Peter Timmins, an FOI expert, is reported s saying: ‘The legislation itself is out of date that sits uncomfortably in a digital age. There is little if any scrutiny of FOI processing, few (if any) published efficiency measures and nothing about best practice or the use of technology for FOI processing,” he said. “We’re hearing a lot about data but FOI is stuck in the pre-digital world.
Proposed amendments to the FOI regime to make it fit for the 21st century seem to have stalled. More information here.
The Privacy Commissioner, who has been acting as the FOI Commissioner since , might be seen as accepting that substantial change of FOI laws in the near future is unlikely, confirming that the additional resources “will assist the OAIC’s work to uphold Australians’ right of access to government documents.”
Funding for Cyber Security in the 2021 Australian Federal Budget
While the OAIC received an annual increase of $1.54m to support the CDR and $1m for FOI, cyber security was showered with largesse.
As part of the Government’s Digital Economy Strategy, the Government has committed a further $55 million for initiatives related to cyber security, including:
- $31.7 million to enhance the security of Australia’s mobile networks and accelerate the commercialisation of sovereign network and data security solutions;
- $18.8 million to pilot centralised delivery of cyber capabilities and services for government agencies through Whole-of-Government cyber hubs;
- $2.8 million to strengthen Australia’s national system of identity settings;
- $1.8 million to deliver a National Data Security Action Plan co-designed with industry.
Other funding includes:
- $43.8 million over three years to expand the Cyber Security Skills Partnership Innovation Fund, to address the cyber security skills gap;
- $42.4 million over two years from 2021-22 to improve security arrangements for critical infrastructure assets, including those designated as Systems of National Significance, in accordance with SOCI.

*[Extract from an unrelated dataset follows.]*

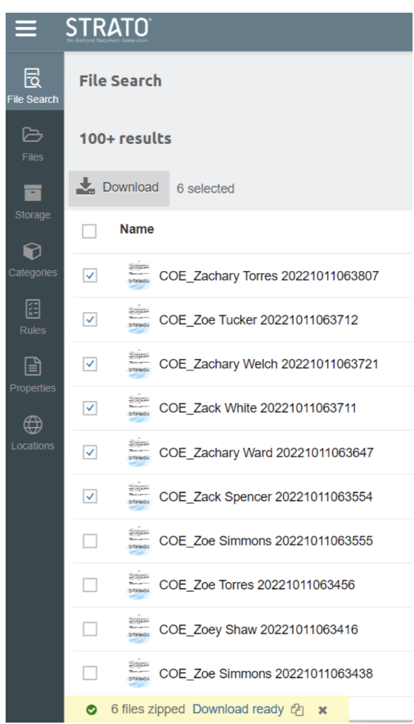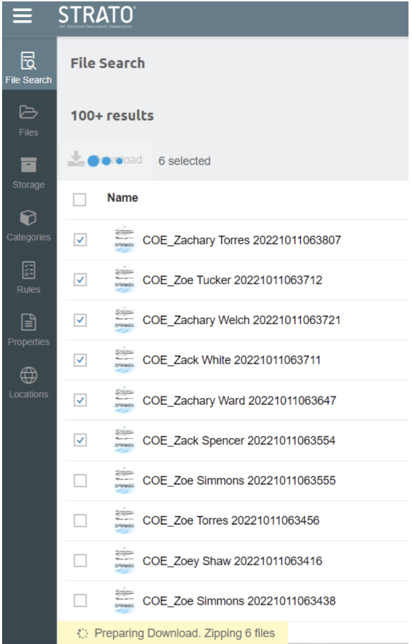 There is also an option to download multiple files at once. The system will package selected files into a ZIP archive, which the user can then download to their local drive.

- $1.3 billion has been budgeted for the Australian Security Intelligence Organisation (ASIO) over the next decade to support ASIO’s technological capabilities and enhance its ability to address threats to Australia’s national security.
- The Australian National Audit Office will receive $61.5 million over four years from 2021-22 to address rising costs due to more complex financial data and records management arrangements, new audit controls relating to COVID-19 measures, and the need to enhance IT cyber security migration.

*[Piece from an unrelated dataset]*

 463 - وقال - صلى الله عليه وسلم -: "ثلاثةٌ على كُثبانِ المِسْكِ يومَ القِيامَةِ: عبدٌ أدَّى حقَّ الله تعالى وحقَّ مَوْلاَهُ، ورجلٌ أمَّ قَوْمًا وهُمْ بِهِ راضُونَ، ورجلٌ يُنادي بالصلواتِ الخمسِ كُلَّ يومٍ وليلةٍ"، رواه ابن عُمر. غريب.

All of these initiatives were foreshadowed in 2020 Cyber Security Strategy, a strategy that had little to say about privacy. We covered this in a previous blog post. As noted in that earlier piece on the Cyber Security Strategy, is it appropriate for Australia’s cyber security focus be so much on national security with so little consideration of the protection of individual freedoms and rights? How might Australia’s leading government centre of cyber security expertise help the Office of the Australian Information Commissioner (OAIC) administer the mandatory data breach notification scheme? What role should that ACSC play in working with the Australian Competition and Consumer Commission to protect consumers from on-line scammers and misleading and deceptive practices or what about supporting the privacy and security of data to be released as part of the new Consumer Data Rights Scheme?
It seems clear that the OAIC will continue as the chronically underfunded poor cousin of the Australian Cyber Security Centre, struggling to cope with an ever increasing work-load in a rapidly changing environment presenting constantly changing challenges.
How much better might Australia’s Ditigal Economy Strategy be if it involved a properly funded and resourced Office of the Australian Information Commissioner?